NASA’s Latest Space Telescope Kicks Off Its Cosmic Journey

NASA’s newest eye in the sky is officially up and running, and it’s already wowing us with its first peeks at the universe. The SPHEREx observatory, which blasted off on March 11, has snapped its initial images from space, proving it’s ready to tackle the big questions. This telescope is gearing up to map hundreds of millions of galaxies across the entire sky using infrared light, which we can’t see with our naked eyes. NASA dropped a fresh update spilling the details on how it’s all coming together.

SPHEREx, short for Spectro-Photometer for the History of the Universe, Epoch of Reionization and Ices Explorer, is on a mission to dig into the mysteries of water’s origins, how galaxies grew up, and what the universe was like right after it was born.

A Rainbow View of the Universe

These first images aren’t your typical space pics. SPHEREx captures infrared wavelengths, stuff our eyes can’t catch, and scientists jazz them up with visible colours to make a rainbow-like cosmic show. It’s like giving the universe a vibrant makeover so we can enjoy the view.

Every snapshot comes from six detectors, covering a patch of sky 20 times wider than a full Moon. In just one frame, it grabs info from over 100,000 light sources, such as stars, galaxies, and glowing nebulae. And get this: these shots are from detectors that aren’t fully tuned yet. That’s how powerful this thing is right out of the gate.

Eyes Wide Open and Laser Focused

SPHEREx isn’t here to zoom in like Hubble or the James Webb Space Telescope, which dive deep into tiny cosmic corners. Nope, this one’s a big-picture player, set to sweep the entire sky four times over its two-year main gig.

Its six detectors pack 17 wavelength bands, adding up to 102 distinct shades per image. That’s a treasure trove of detail—enough to figure out what’s floating out there, how far it is, and what it’s made of. It’s like a cosmic detective kit for unravelling the early universe.

What SPHEREx Will Reveal

Once it hits its stride later this month, SPHEREx will crank out around 600 exposures daily, painting a massive picture of the sky. Here’s what it’s hunting for:

  • Where water ice hangs out in the Milky Way
  • The universe’s large-scale structure
  • How galaxies evolved over billions of years
  • The wild conditions right after the Big Bang

It uses spectroscopy splitting light into its building blocks to spill the beans on an object’s chemical makeup and distance. That’s the secret sauce for mapping the invisible structure of the cosmos.

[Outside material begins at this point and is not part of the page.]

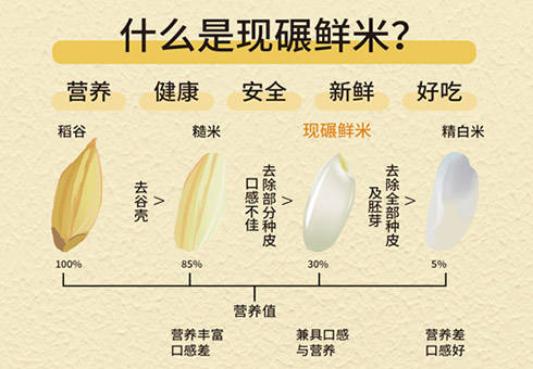 现碾米,是不经过抛光和打磨,稻谷脱壳后保留一些成分如糊粉层、胚芽的米,其口感类似农家米,油润有嚼劲,质地紧密,米香味浓,市面上现碾现售的米统称为鲜米。现碾米没有经过抛光、打蜡、染色、添加等危害食品安全工序,所以不存在"毒大米"等隐患。

Collaboration and Cosmic Scale

This mission is a team effort led by NASA’s Jet Propulsion Laboratory with Caltech in the mix, plus brainpower from the US, South Korea, and Taiwan. BAE Systems built the telescope and spacecraft, and IPAC at Caltech will handle the data crunching and storage.

SPHEREx plays nice with sharpshooters like JWST, blending its wide-angle surveys with their pinpoint close-ups. Together, they’re stitching a cosmic quilt broad and detailed all at once.

Over the next two years, SPHEREx won’t just send back pretty pictures. It’s set to deliver a galactic census like nothing we’ve seen, dishing out fresh hints about how the universe ballooned, how galaxies came to be, and where life’s raw ingredients might’ve started.